# مشروع ياباني في الميكاترونكس Piezo Impact Drive Mechanism



## muhands89 (10 سبتمبر 2011)

*Piezo Impact Drive Mechanism*

*Keywords: Impact Drive Mechanism, piezoelectric actuator, micro machine, micro actuator, precise positioning, friction force*

*Introduction*

_*Impact Drive Mechanism*_ (IDM) is a method for moving an object under friction by impulsive force. It utilizes static friction and impulsive force caused by the rapid displacement of an actuator. The motion mechanism basically consists of three parts: the main body, actuator and the inertial weight. When the actuator makes rapid extension or contraction, a strong inertial force is generated and the main body is moved against static friction. When the actuator makes slow retraction, the inertial force could be smaller than static friction so that the main body keeps the position. Repeating those fast and slow actuator displacements carries out the motion. ​ 
The mechanism is able to control the minute motion of several nanometer and at the same time has virtually unlimited movable range. The mechanism can be extended to multiple degree-of-freedom systems with multiple actuators and counter weights. The IDM is considered to be a suitable mechanism for micro systems since its construction is quite simple. The mechanism generates impulsive force when moving. We have utilized such impulsive force to develope _a printed board positioning device_, _a centering system for workpieces on rotating supports_, and _a piezo-electric maicro manipulator_. 
*Operation Principle[1]*

Figure 1 shows a basic motion principle of the Piezo Impact Drive Mechanism. The motion mechanism consists of three components: the main body, the actuator and the inertial (counter) weight. The main body is laid down on the guiding surface with only the friction acting between the surface. On the one end of the main body an actuator is attached. The weight does not touch the surface. ​ 
The processes of the motion are described as follows:
(a) The cycle starts with the actuator in extended state.
(b) The actuator makes slow contraction so that the inertial force caused by the contraction should not exceed the static friction. The main body keeps the position.
(c) At the end of contraction process, a sudden stop of the motion is made to small move the main body.
(d) Then, a rapid expansion of the actuator causes impulsive inertial force, which results in the step-like motion of the main body.
Making slow extension and rapid contraction can carry out motion toward the other direction. The motion amplitude of the actuator can control the step size of the motion. Repeating those processes through (a)-(d) a long distance motion is made possible. 
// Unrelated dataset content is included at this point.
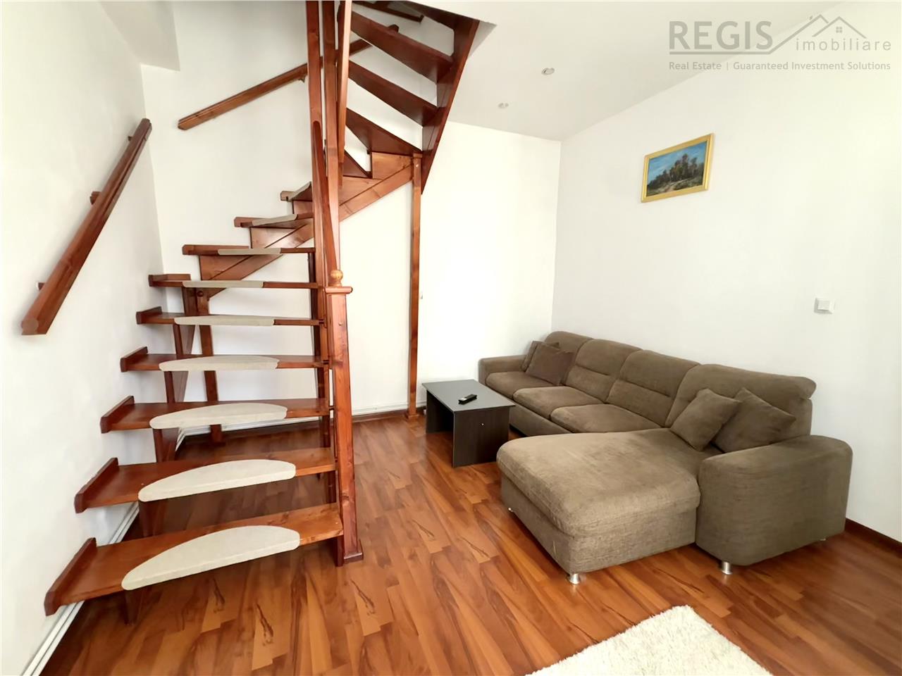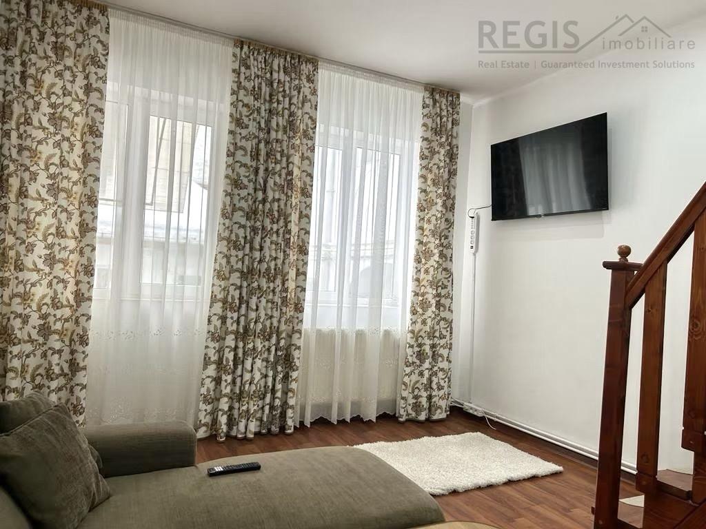 Regis Imobiliare va propune spre inchiriere un apartament deosebit, tip duplex, cu 2 camere, situat in Centrul Vechi al Brasovului, cu vedere spectaculoasa spre Tampa. O locuinta cu personalitate, perfecta pentru cei care apreciaza farmecul zonei istorice si confortul modern.

(Moving toward left) (Voltage Waveforms) Figure 1: Operation Principle *Motion characteristics*

Figure 2 shows a linear motion device of Impact Drive Mechanism for basic experiments. Employed piezo-electric element has size of 10 x 10 x 20 [mm]. It generates 16µm displacement at 150V applied voltage. ​ 
Fig. 3 shows a nanometer-scale continuous step motion. The size of the steps is about 4nm. Controlling voltage amplitude applied to the piezoelectric actuator, nanometer motion can be controlled. The maximum load capacity of the Impact Drive Mechanism depends on the static friction. If the static friction is large enough, the Impact Drive Mechanism can climb up the vertical surface. 
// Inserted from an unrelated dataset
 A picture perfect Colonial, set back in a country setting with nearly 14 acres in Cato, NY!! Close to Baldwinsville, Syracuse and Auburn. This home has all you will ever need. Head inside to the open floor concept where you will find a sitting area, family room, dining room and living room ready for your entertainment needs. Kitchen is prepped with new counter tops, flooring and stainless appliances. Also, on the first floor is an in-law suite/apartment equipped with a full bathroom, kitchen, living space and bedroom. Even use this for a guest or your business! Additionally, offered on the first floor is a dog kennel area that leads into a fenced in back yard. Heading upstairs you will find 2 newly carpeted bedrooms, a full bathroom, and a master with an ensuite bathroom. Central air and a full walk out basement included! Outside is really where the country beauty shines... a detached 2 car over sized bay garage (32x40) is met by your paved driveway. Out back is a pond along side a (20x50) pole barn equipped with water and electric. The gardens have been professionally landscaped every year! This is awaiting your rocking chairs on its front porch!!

Figure 2: Basic 1-DOF setup 



Figure 3: Motion of IDM (nano-meter motion) *Features*

Some remarkable features are listed in the following.​

Simple structure 
Nano meter positioning, long movable range, and high-speed motion can be realized at the same time 
Ease of making multi degree of freedom mechanism(eg. figure 4) 
No energy requirement for keeping constant position 




Figure 4: Multi-DOF mechanism *Applications*


Precise positioning stage 
3-DOF ultrahigh vacuum stage[2] 
Micro robotic arm(Figure 5)[3] 
a centering system for workpieces on rotating supports 
Printed board position device[4] 
Piezo Micro Manipulator[5] 
Piezo Injector 


Figure 5: Micro robotic arm *References*

[1] T.Higuchi, Y.Yamagata, K.Furutani, and K.Kudoh "Precise positioning mechanism utilizing rapid deformations of piezoelectric elements", Proc. of IEEE Workshop on Micro Electro Mechanical Systems, pp.47-51 (1990) ​ 
[2] Y.Yamagata, T.Higuchi, H.Saeki, and H.Ishimaru: "Ultrahigh Vacuum Precise Positioning Device Utilizing Rapid Deformations of Piezoelectric Elements", Journal of Vacuum Science and Technology, A, Vol. 8, No. 6 Nov./Dec., pp. 4098-4100 (1990) 
[3] T.Higuchi, Y.Yamagata, K.Kudoh, K.Iwasaki: "Micro Robot Arm Utilizing Rapid Deformations of Piezoelectric Elements", Proc. 5th International Symposium on Robotics Research, The MIT Pres, Aug., pp. 441-445 (1989) 
[4] Yutaka Yamagata and Toshiro Higuchi, "A Micropositioning Device for Precision Automatic Assembly using Impact Force of Piezoelectric Elements", Proceedings of the IEEE International Conference on Robotics and Automation, pp. 666-671 (1995) 
[5] K.Kudoh,T.Goto,K.Sato,Y.Yamagata,K.Furutani,T.Higuchi "Development of Piezo Micromanipulator fr cell Micromanipulation" J.Mamm. Ova. Res. *(Japanese)*, Vol.7, No.1, pp. 7-12 (1990) 


:19:رأيــــــــكم وردكــــــــم يهمنــــــــــــي لا تنسو الرد:77:​


----------



## ادور (15 سبتمبر 2011)

جيد منك هذا 
مشكوررررررررررررر كتير ولك كل التقدم والنجاح


----------



## e_mgm (21 سبتمبر 2011)

جميل هذا الميكانيزم بس ياريت المره الجايه يكون عربى ................ولا مانع من ارفاق النسخة الانجليزيه به


----------



## كيرو عبده (29 سبتمبر 2011)

جزاك الله خيراَ


----------